INSTRUCTION ON BOARD A MAN-OF-WAR

      INSTRUCTION ON BOARD A MAN-OF-WAR.

      The daily routine of our young sailor on the experimental cruises gave him plenty of employment. In his own words it was as follows:—Commencing at five a.m.—“Turn hands up; holystone or scrub upper deck; coil down ropes. Half-past six—breakfast, half an hour; call the watch, watch below, clean the upper deck; watch on deck, clean wood and brass-work; put the upper decks to rights.
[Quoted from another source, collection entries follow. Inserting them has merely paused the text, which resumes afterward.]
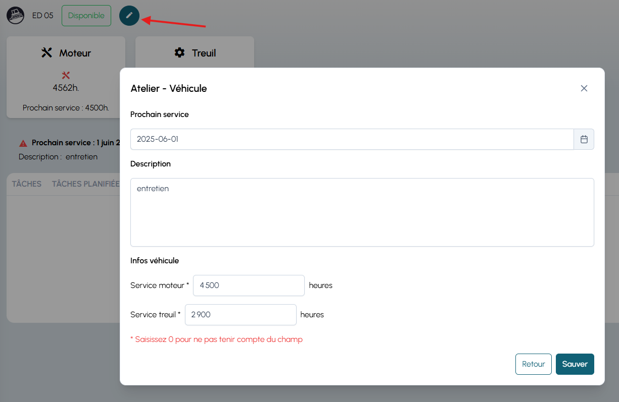 Depuis la page de détail du véhicule, le bouton Modifier (icône stylo) ouvre la fenêtre d’édition des informations de service :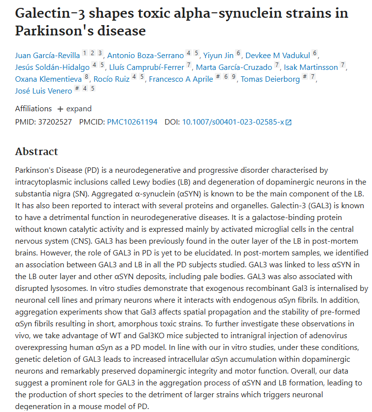 How Gal3 Accelerates Parkinson's Disease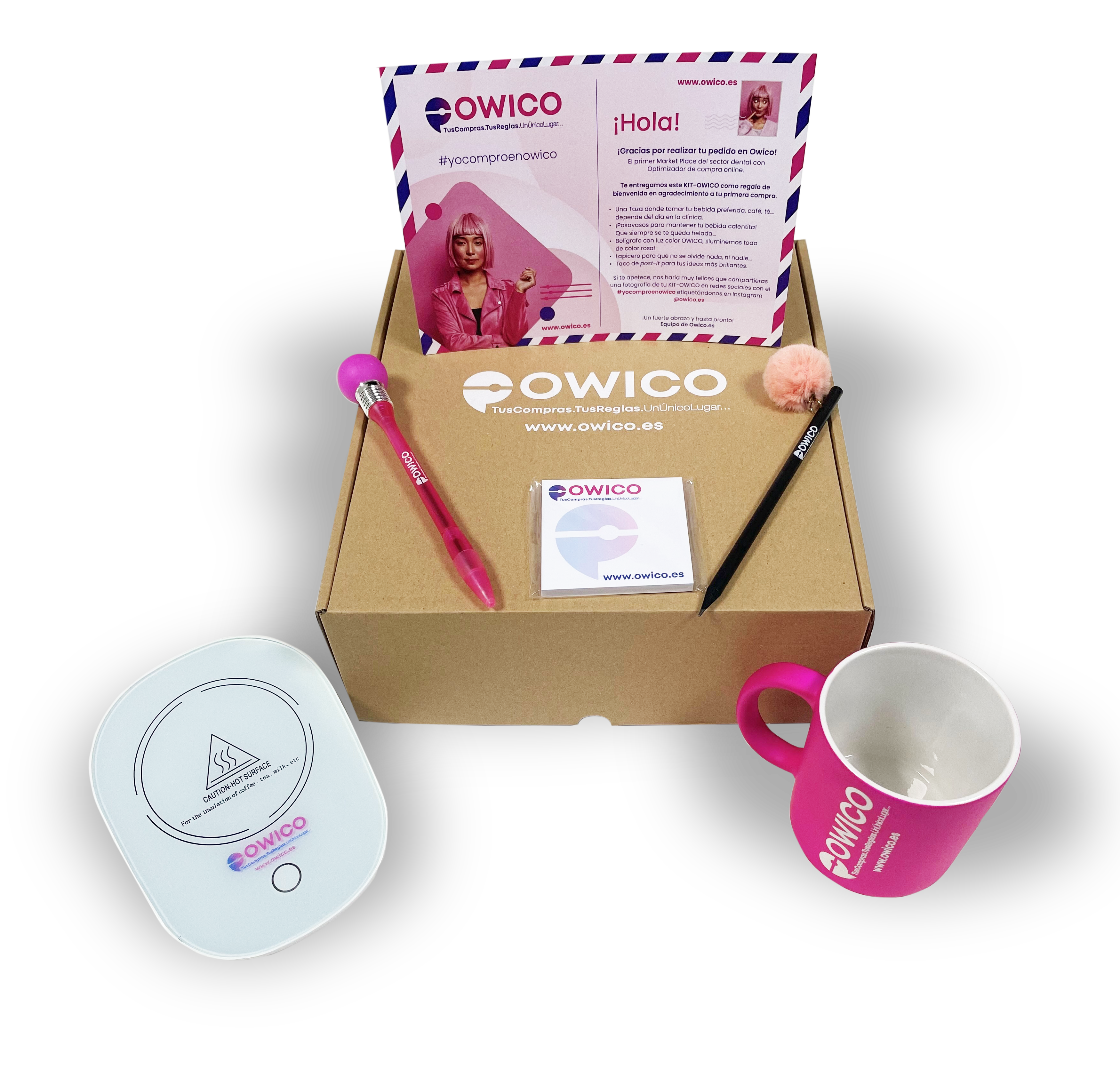 *Regalo de un kit de bienvenida compuesto de un posavasos Owico (mantiene el calor de tazas), una taza Owico, un set de papelería Owico compuesto de un boli con luz, un lápiz y un taco de notas adhesivas.

Eight a.m.—hands to quarters; clean guns and arms; division for inspection; prayers; make sail, reef topsails, furl top-sails, top-gallant sails, royals; reef courses, down top-gallant and royal yards. This continued till eight bells, twelve o’clock, dinner one hour. ‘All hands again; cutlass, rifle, and big-gun drill till four o’clock; clear up decks, coil up ropes;’ and then our day’s work is done.” Then they would make little trips to sea, many of them to experience the woes of sea-sickness for the first time.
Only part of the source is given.